В стародавние времена, задолго до появления белых, этот тракт видел несчетное число авантюристов, пришедших с севера и северо-запада. Искатели мирры и благовоний царя Соломона; дети Зевса, в их королевской охоте за местом укрытия солнечного божества в Ниле; разведчики и эмиссары Чингисхана; арабские географы, а также охотники за рабами и слоновой костью; торговцы золотом и человеческими душами из Франции и Германии Бисмарка; покорители земель и охотники на людей из Англии эпох королевы Виктории и короля Эдуарда — все они прошли здесь в алчной погоне за землей изобилия, гонимые иной раз святым рвением, изредка — подлинной жаждой знания, желанием отыскать место, где зарыта пуповина первого человека, но гораздо чаще — алчностью наемников и торгашей, страстью к бессмысленному уничтожению людей, чей цвет кожи хоть немного отличается от их собственного. Все они приходили под разными масками и обличьями, и дети бога, сражаясь, пережили не одну резню, пережили империи захватчиков земли и душ людских и продолжали свою вечную схватку с природой, со своими бесчисленными богами и между собой.

Память же сохранила лишь немногих из тех, кто оставил свой след на илморогских равнинах, прежде чем уйти в мир иной.

Ну прежде всего это белый колонист, лорд Фриз-Килби, и его достойная супруга, истинная леди. Он был, вероятно, одним из тех вольных аристократов, правда, разорившихся, которые пожелали сами чего-то добиться на землях, представлявшихся их взору как Новые Рубежи. Приобщить к цивилизации илморогскую целину и в результате получить миллион всходов и тысячи фунтов стерлингов там, где в землю брошена лишь горсть семян и вложен один фунт, казалось ему актом созидания, достойным бога. А для этого он использовал труды других людей, магическую силу власти и силу оружия, дабы завербовать побольше рабочих рук.
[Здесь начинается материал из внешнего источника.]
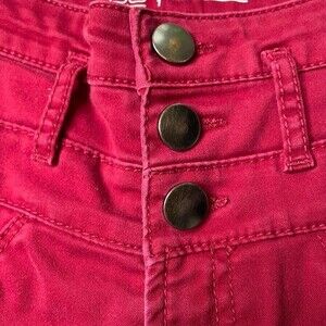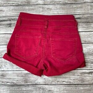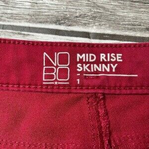 NoBo Mid Rise Skinny Cutoff Cut Off Cuffed Jean Shorts Deep Dark Red 1 Buttons

Он сеял ради опыта пшеницу, и его не смущали хмурые лица скотоводов и людей, уже переживших некогда резню, которую не раз уже затевали на их землях, добиваясь христианского смирения, подданные английского короля. Он никогда не расставался с винтовкой. Многие скотоводы и крестьяне были превращены в рабов земли, которая раньше принадлежала только им и которой раньше они распоряжались сами. Они смотрели на танцующие под ветром колосья пшеницы и ждали своего часа. Разве они не слышали о том, что случилось с народом масаи с равнин Лайкипиа? Как-то ночью илморогские вожди встретились на горном кряже и приняли решение. Они подожгли поле и убежали на край равнины, ожидая жестокой расправы. Жена уговаривала лорда уехать. Он отказался. Жена покинула его. Поздней ночью воины вернулись и стали завывать у стен его бунгало. Одинокому искателю приключений, должно быть, примерещились тогда плачущие призраки ранних колонистов, и он, будучи человеком верующим, предпочел поскорей удалиться в более счастливую и спокойную обитель Ол Калоу. Там он обнаружил свою достойную жену, которая нашла утешение в объятиях другого лорда, и застрелил их обоих. А илморогские туземцы сожгли дотла деревянное бунгало, и пели, и танцевали вокруг пепелища. Но и для них настал час расплаты. Битва у Илморога в начале нашего века была одним из самых ожесточенных сражений, что вели колонизаторы, пытавшиеся покорить Кению.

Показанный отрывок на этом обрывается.